ACTIVITY
When you transcribe the data below, reproduce every line exactly and leave each picture out.

SOURCE MATERIAL
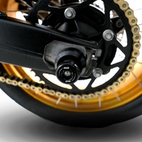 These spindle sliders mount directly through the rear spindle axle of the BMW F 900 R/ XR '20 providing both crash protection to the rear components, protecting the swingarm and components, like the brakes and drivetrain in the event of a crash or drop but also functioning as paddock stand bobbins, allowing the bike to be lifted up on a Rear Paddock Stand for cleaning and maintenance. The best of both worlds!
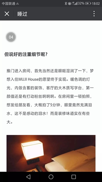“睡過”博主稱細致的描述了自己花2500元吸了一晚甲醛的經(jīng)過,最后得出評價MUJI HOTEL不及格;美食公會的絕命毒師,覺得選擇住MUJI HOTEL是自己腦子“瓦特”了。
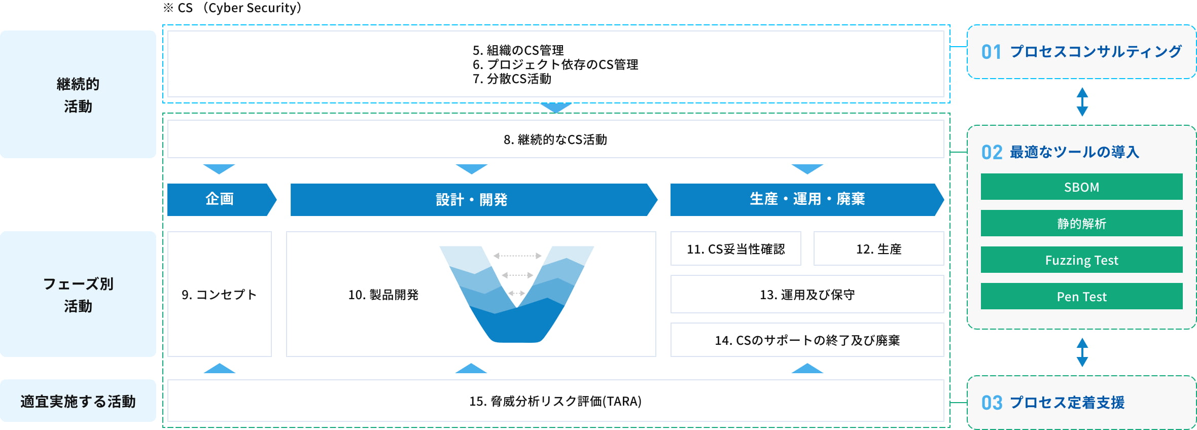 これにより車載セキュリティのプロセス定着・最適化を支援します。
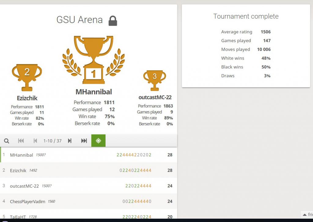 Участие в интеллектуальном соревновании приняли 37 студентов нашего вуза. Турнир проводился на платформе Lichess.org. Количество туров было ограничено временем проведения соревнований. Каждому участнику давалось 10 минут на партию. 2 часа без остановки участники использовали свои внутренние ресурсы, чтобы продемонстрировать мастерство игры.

YOUR RESPONSE
 These spindle sliders mount directly through the rear spindle axle of the BMW F 900 R/ XR '20 providing both crash protection to the rear components, protecting the swingarm and components, like the brakes and drivetrain in the event of a crash or drop but also functioning as paddock stand bobbins, allowing the bike to be lifted up on a Rear Paddock Stand for cleaning and maintenance. The best of both worlds!
“睡過”博主稱細致的描述了自己花2500元吸了一晚甲醛的經(jīng)過,最后得出評價MUJI HOTEL不及格;美食公會的絕命毒師,覺得選擇住MUJI HOTEL是自己腦子“瓦特”了。
 これにより車載セキュリティのプロセス定着・最適化を支援します。
 Участие в интеллектуальном соревновании приняли 37 студентов нашего вуза. Турнир проводился на платформе Lichess.org. Количество туров было ограничено временем проведения соревнований. Каждому участнику давалось 10 минут на партию. 2 часа без остановки участники использовали свои внутренние ресурсы, чтобы продемонстрировать мастерство игры.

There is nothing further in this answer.